Graduate Student Seminar

September 20, 2024

12:45 p.m. ET

Wean Hall 7500

Can Unknown Materials Properties Be Accurately Predicted?

With several well-defined approximations, the density functional theory (DFT) provides the numerical solution for the many-body interactions in quantum mechanics.  DFT represents the outcome of those interactions and articulates that for a given system, there exists a ground-state configuration at 0 K that its energy is at its minimum value with a universal functional of the interacting electron gas density.  However, up to date, quantitative agreement between DFT-based predictions and experiments is lacking in the literature due to the primary focus of DFT on the ground-state configuration.  This bottom-up approach have not been able to capture all conceivable configurations that the system embraces at finite temperature as stipulated by the top-down Gibbs statistical mechanics.  On the other hand, Gibbs statistical mechanics does not include the entropy contributions from individual configurations.  Over the last two decades, we developed a multiscale entropy approach (recently termed as zentropy theory) that integrates DFT-based quantum mechanics and Gibbs statistical mechanics with the total energy of individual configurations replaced by their respective free energies.  Zentropy theory has demonstrated its capability to accurately predict entropy and free energy of magnetic materials and is being applied to liquid pure elements and compounds, ferroelectric materials and superconductors for their properties and phase transition behaviors.  Furthermore, in combination with the combined law for nonequilibrium systems developed by Hillert, the author developed the theory of cross phenomena beyond the phenomenological Onsager Theorem for irreversible thermodynamics.  The zentropy theory and theory of cross phenomena jointly provide quantitative predictive theories for experimental observables to be discussed in the presentation (https://doi.org/10.1088/1361-648X/ad4762).

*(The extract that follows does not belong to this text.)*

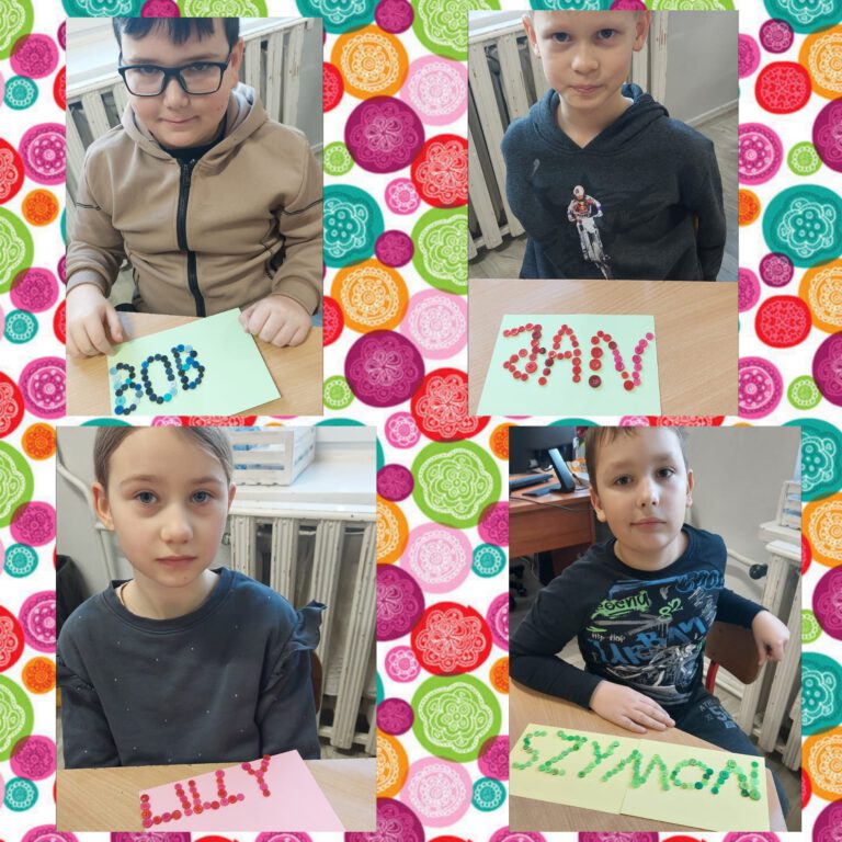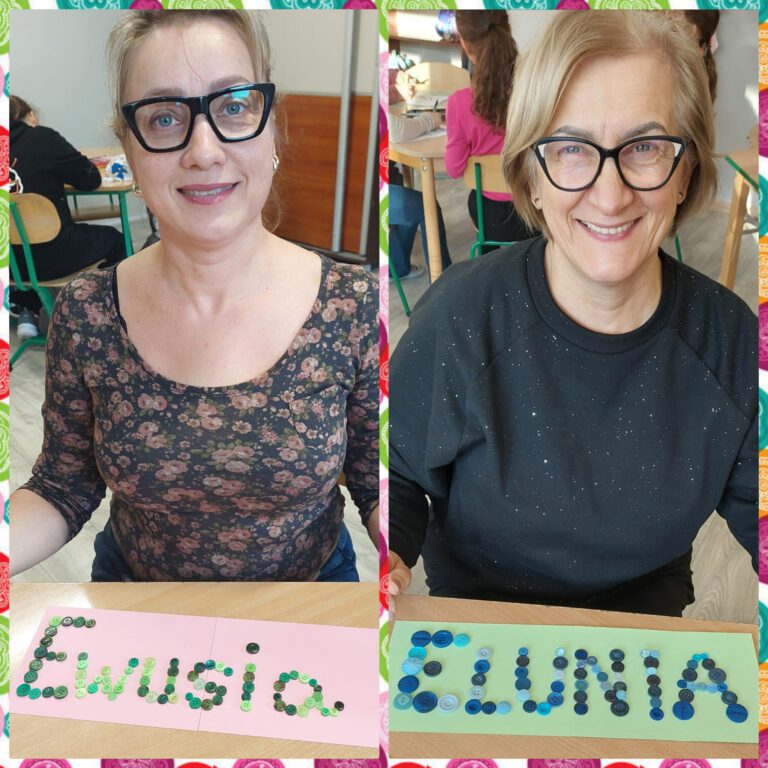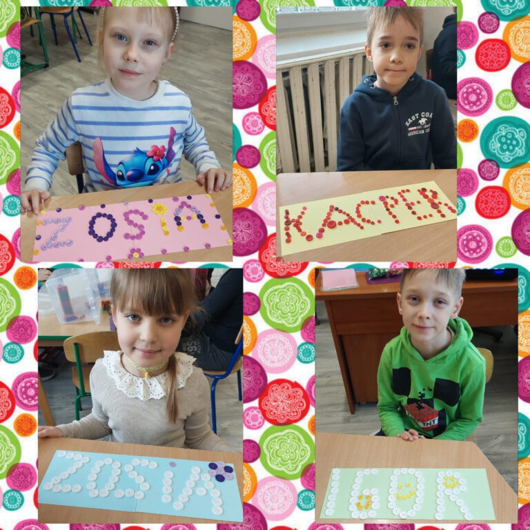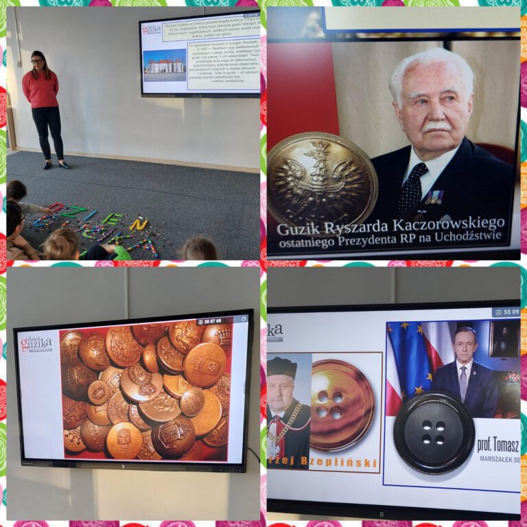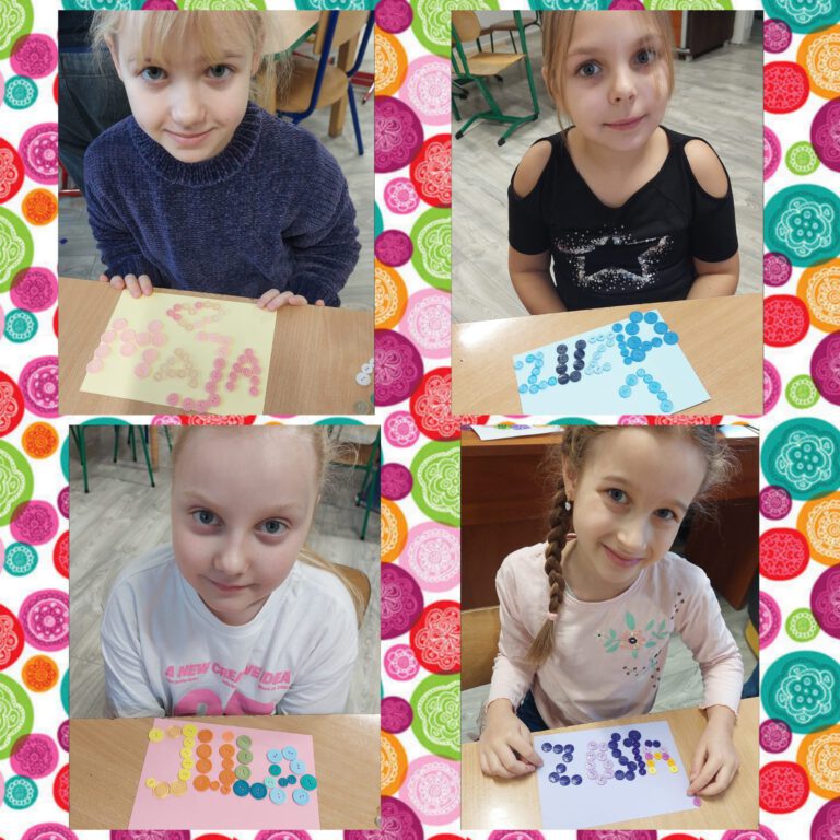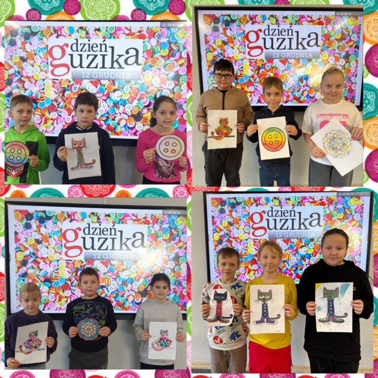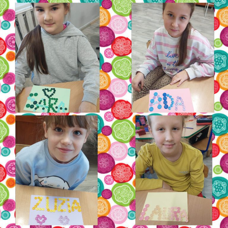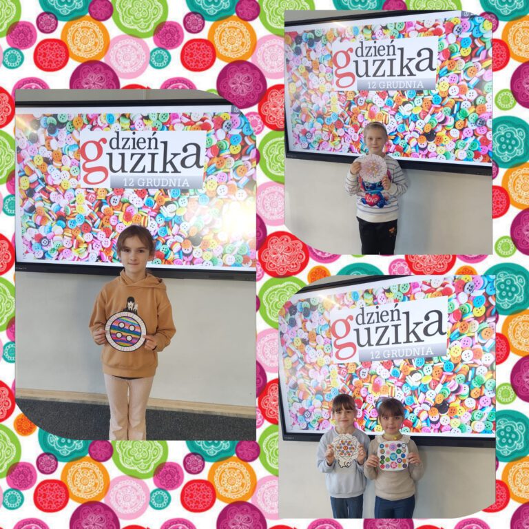 Podczas zajęć dzieci wysłuchały „historii” guzika, oglądnęły prezentację medialną o muzeum guzików w Łowiczu, kolorowały „guzikowe” malowanki oraz wspólnie bawiły się układając guzikowe imiona. Do wspólnej zabawy zapraszały i pracowników szkoły.

Zi-Kui Liu, Dorothy Pate Enright Professor, Department of Materials Science and Engineering, Pennsylvania State University

Zi-Kui LiuLiu received a bachelor's degree from Central South University (China), a master's degree from the University of Science and Technology Beijing (China), and a doctorate from the Royal Swedish Institute of Technology (Sweden). He worked at the Royal Institute of Technology, the University of Wisconsin-Madison, and QuesTeck Innovation before joining the Pennsylvania State University in 1999. Prof. Liu has been the editor-in-chief of the "CALPHAD" journal since 2000 and coined the term "Materials Genome" in 2002. Prof. Liu developed the "zentropy theory" and the "theory of cross phenomena", published 650+ papers, and graduated 35 PhDs. He was the leading author of the textbook "Computational Thermodynamics of Materials" and edited two-volume reference books titled "Zentropy". Prof. Liu is a Fellow of ASM International and TMS and served as the 100th President of ASM International and was on the board of TMS and ASM International.